Ah, é claro, já tava me esquecendo... Tinha o desquitado! Você podia estar um pouco cansado, meio com sono, e dizer pro seus amigos: Gente, vou indo nessa, pois estou meio desquitado, e amanhã eu tenho que acordar cedo e tals... Ou então, estar naquela fossa pós-briga-debate-conjugal-e-fatal-desquite-depois-do-segundo-tempo, e ficar meio moribundo, vagando pelos cantos, reclamando da vida, dando aquele arroto silencioso clássico... Isto porque o desquitado autêntico tem gastrite ansiosa, e vive falando do ex-marido ou ex-mulher em meio aquelas pausas com cheiro de geladeira. Ai ditchan! Credo! Credo nada! Você vai crescer um dia e vai saber o que é isso!

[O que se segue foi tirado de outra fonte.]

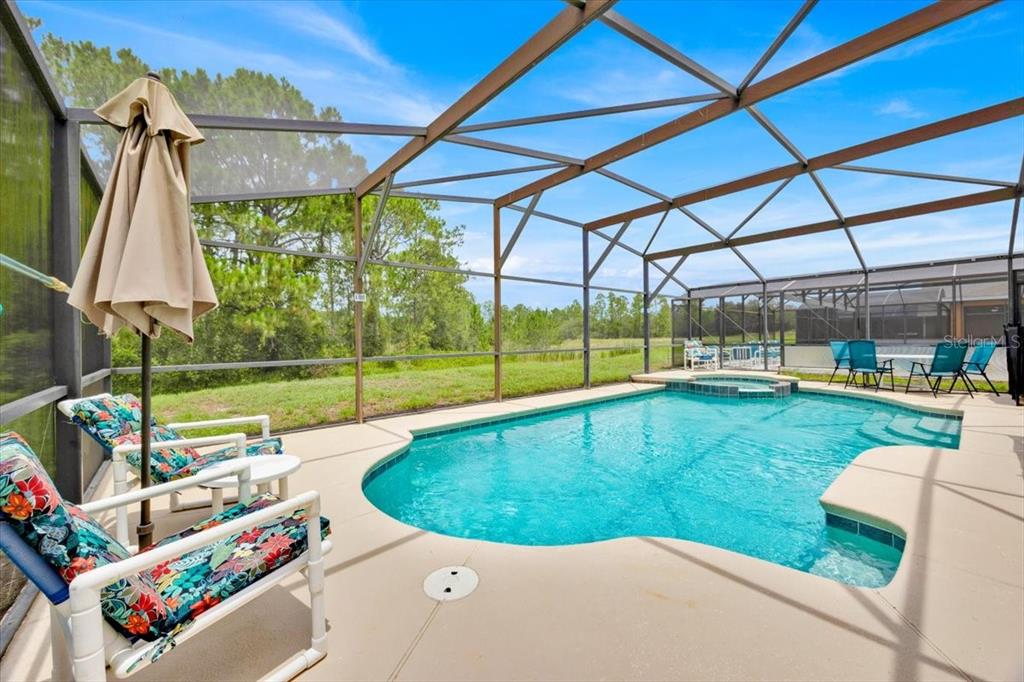 backyard features a heated pool and spa, lighting and a freshly painted deck—perfect for gentle

Não tinha uma pessoa que não se contaminava com essas palavras, e começava a usá-las no seu vocabulário cotidiano. Tinha até uma comunidade num tal de orkut, que se chamava Medievais, Mojicas e Afins, cujos participantes em algum momento de sua vida, já haviam passado carnaval na lendária e querida cidade de São Luís do Paraitinga. Teve até um carnaval, que uma amiga maluca do ditchan, a Fernanda Couto, sabe aquela senhorinha que veio em casa na Páscoa? Aquela bem legal que trouxe doce? É, ela mesma... Então, ela comprou umas espadas, cuja denominação na etiqueta do preço dizia: Espada Medieval.

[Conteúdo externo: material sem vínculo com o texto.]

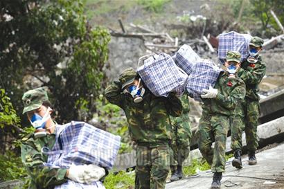 張新是四川省檔案局副局長,著名的檔案專家,他這次專門會同當地檔案部門對北川檔案館進行搶救性發掘。“這次搶救性挖掘難度非常大,必須要掀開‘蓋’在廢墟上的這層樓面。”“通信連、尖刀連、接力連……上!”隨著300多名官兵呈扇形“包圍”廢墟,戰士們從廢墟頂端一直排到地面,挖掘、傳遞、裝箱、登記,每一卷“出土”的檔案都經過了無數雙帶著體溫的手,小心翼翼地傳遞著!罢业搅耍@里有7箱比較完整的檔案!敝形1時許,幾名戰士從兩塊拱立的水泥板下刨出了一箱箱淺藍色檔案柜;焦急等候在一旁的檔案局工作人員趕緊迎上去,面帶喜色。隨著一卷卷記錄羌族政治、文化、經濟等的珍貴檔案“重見天日”,搶救現場的人們臉上露出了如釋重負的笑容。

Orkut, ditchan? É, orkut... Nome estranho, mas muito popular naquela época. Tinha até um ditado de um amigo das antigas, o Tatá Aeroplano, que dizia que “Orkut de bêbado não tem dono”, mas você é muito jovem pra entender essas coisas. Isso me fez lembrar do Jumbo Elektro, lembra que eu te contei uma historinha de uma banda que o ditchan tinha, que era muito engraçada, lembra? Acho que das banda que eu participei, foi a que fez mais sucesso... Tinha eu que tocava teclado, o Tatá que era o cantor, o Isiman que era baixista, o Setão que era baterista, o Gunter apavorando as nossas groupies e o Ozório e o Fernandão nas guitarras. Quanto nome estranho? É que você não viu os nossos pseudônimos de palco: Dimas turbo, Frito Sampler, Otto Vander Vander, General Eletric, Dr. Gory, Lê Cheval e Hans Sakamura. Ele era japonês também, ditchan? Quase isso. Nas palavras do General: Ele era um típico descendente de japoneses e prussianos! Mas o que é prussiano? Ai... Akira, isso já uma outra história.



(FADE OUT)

A Alemanha, antes de ser Alemanha mesmo, se chamava Prússia ...

Sobre o autor desta crônica:
Dudu Tsuda é mojica, ex-desquitado e medieval nas horas vagas. Adora festas, pessoas simples e seus queridos avós.



[1] - Ditchan significa vovô em japonês.
[2] - Invenção da HP datada de 2015 que permitiu o uso dos cabos óticos como vias comunicacionais dentre os portais de tele-transporte. Hoje, já não se usa mais cabos óticos, mas durante muitos anos (e ainda em lugares mais pobres do país) sua utilização foi fundamental na implementação da tecnologia de tele-transporte.
[3] - Eye connect é uma ferramenta do Virtual World Windows Home Assistence 2045, de autoria do Bill Gates Junior, que permite você conectar o seu olhar no Virtual World Interface, podendo gravar vídeos ou mesmo transmitir as imagens dos seus olhos ao vivo para outros usuários.